User Guide#

ProgressiVis is a language and system implementing progressive data analysis and visualization. If you are familiar with asynchronous programming or real time programming, you will be familiar with the need to follow strict disciplines to make sure a system is not blocked. ProgressiVis is also designed so that it never runs functions that take an unbounded amount of time, such as loading a large file from the network until completion. In a traditional computation system, you don’t worry much about the time taken when calling a function; loading a large file over the network is the price to pay for having it loaded and starting computations over its contents. In a progressive system, meant to be used interactively, when a function takes too long to complete, the user waits, get bored, and her attention drops. ProgressiVis is designed to avoid this attention drop.

Key concepts#

ProgressiVis uses specific constructs to remain reactive and interactive all the time. Let’s start with a simple non progressive program to introduce the concept. Assume we want to find out what are the popular places to go in New York City. You can visualize all the NYC Yellow Taxi pickup places as a start. Using the Python Pandas library, you would write something like:

import pandas as pd


TAXI_FILE = "https://raw.githubusercontent.com/bigdata-vandy/spark-taxi/master/yellow_tripdata_2015-01.csv"

df = pd.read_csv(TAXI_FILE, index_col=False)
df.plot.scatter(x="pickup_latitude", y="pickup_longitude")

In that case, you would only get the trips from January 2015. It would take you a few seconds to download the file and to visualize it. And you would see this:

which is probably not what you expected. You see a very common issue with real data: noise and outliers. In that particular case, one taxi driver has forgotten to stop his meter when driving to Florida, leading to a much too large bounding box for the data.

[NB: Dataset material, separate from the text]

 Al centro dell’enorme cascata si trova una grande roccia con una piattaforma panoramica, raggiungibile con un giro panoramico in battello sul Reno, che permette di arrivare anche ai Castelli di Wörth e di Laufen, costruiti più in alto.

The most common way to deal with this outlier problem is to filter outlier points, typically the points outside the 2% quantiles up and down:


plq = df.pickup_longitude.quantile([0.02, 0.98])

Now, you would see this:

This dataset used in this example is a sample of the real one; it is only 1000 lines long. The real dataset contains 2 million lines (about 12Mb) for January only and 12 times more for the whole year 2015 (1.5 billion lines, 22Gb). It would take several minutes to download the data, and a few more seconds to visualize it.

Progressive Visualization#

With ProgressiVis, you could also load the data and fix it, but you don’t need to wait for the file to be loaded to visualize it, you can do it on the go:

import progressivis as pv

TAXI_FILE = "https://raw.githubusercontent.com/bigdata-vandy/spark-taxi/master/yellow_tripdata_2015-01.csv"

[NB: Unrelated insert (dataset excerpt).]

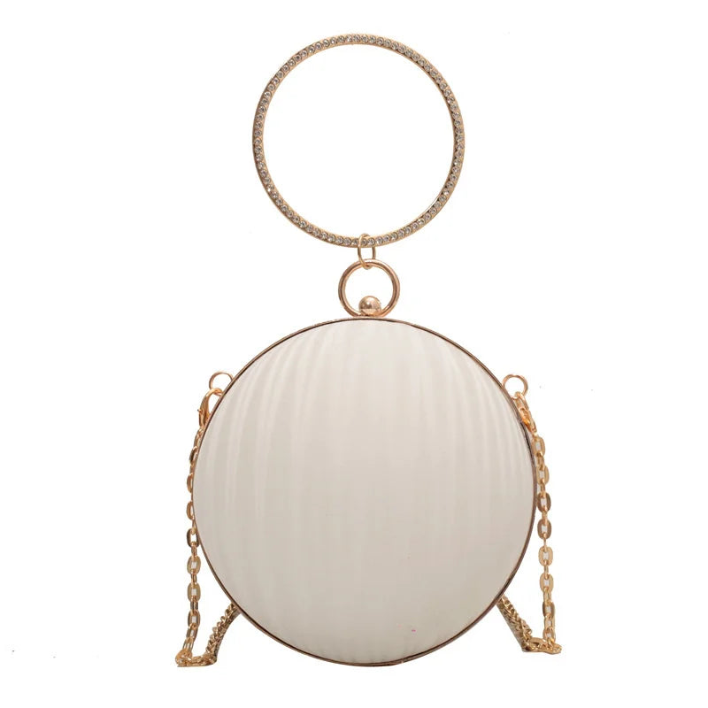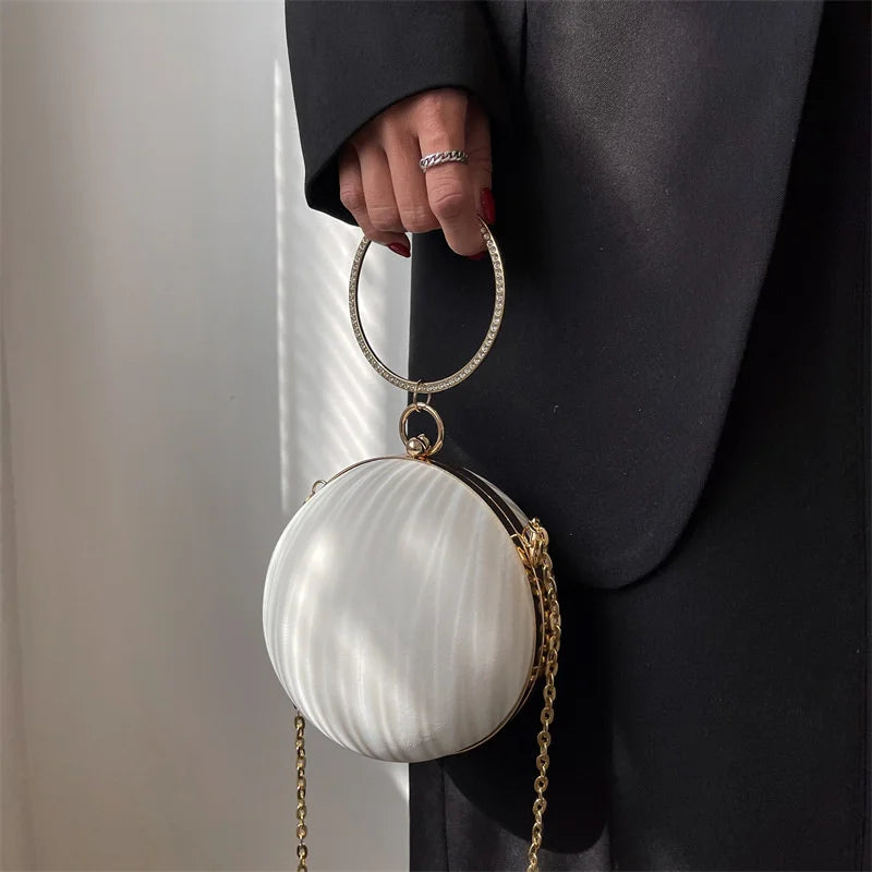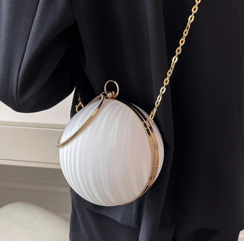 Elegant and chic spherical handbag with chain strap, perfect for dinner outings or special occasions.

csv = pv.CSVLoader(TAXI_FILE, index_col=False)
scatterplot = pv.ScatterPlot(x_column='dropoff_latitude',
                             y_column='dropoff_longitude')
scatterplot.create_dependent_modules(csv,'table')
csv.start()

Main Components#

In ProgressiVis, a program is run by a Scheduler. Only one instance of Scheduler exists (except tests). A progressive program is internally represented as a dataflow of progressive modules (simply called modules in this documentation). The dataflow is a directed network with no cycle (a directed acyclic graph or DAG).

A Module represents the equivalent of a function in a progressive program. It is made of input and output slots; one output slot of a module can be connected to several input slots of other modules. Some input slots are optional, and others are mandatory. Furthermore, a slot is typed since it carries data between the modules. A module with no input slot is a source module, and a module with no output slot is a sink module.

Input slots can be supplemented by hints, provided in square brackets at the time of allocation. The role and type of hints depends on the semantics of the slot. In the next example the sequence of names provided in square brackets designates the columns to be taken into account (and processed) by the module:

s = Scheduler()
random = RandomPTable(10, rows=10000, scheduler=s)
max_ = Max(name="max_" + str(hash(random)), scheduler=s)
max_.input[0] = random.output.result["_1", "_2", "_3"]  # hint ("_1", "_2", "_3")
pr = Print(proc=self.terse, scheduler=s)
pr.input[0] = max_.output.result
...

Here, the hint “tells” to the Max module to compute the maximum only for columns “_1”, “_2”, “_3”. Otherwise, when no hint is provided, the maximum is computed for all columns.

In addition to input and output slots, a module maintains a set of parameters that it uses internally. Finally, some modules are interactive and can receive events, typically from the user interface or visualization interactions to control (stop, resume, step the execution) or steer the computation.

Most progressive program is composed of existing modules, created with specific parameters and connected to form a specific program. However, new modules can be programmed to implement a new function to add an algorithm, a loader for a new file format, or a new visualization. Programming a module is explained in the advanced section of this documentation.

Running a Progressive Program#

The easiest environment to run progressive programs is the JupyterLab notebook. ProgressiVis comes with specified widgets, visualizations, and mechanisms to navigate a notebook in a non-linear way to follow the progression of modules.

Alternatively, progressive programs can be run in a headless environment. We also provide an experimental setup to run them behind a web server to create progressive applications without a notebook. This setup is experimental and should be extended in the future.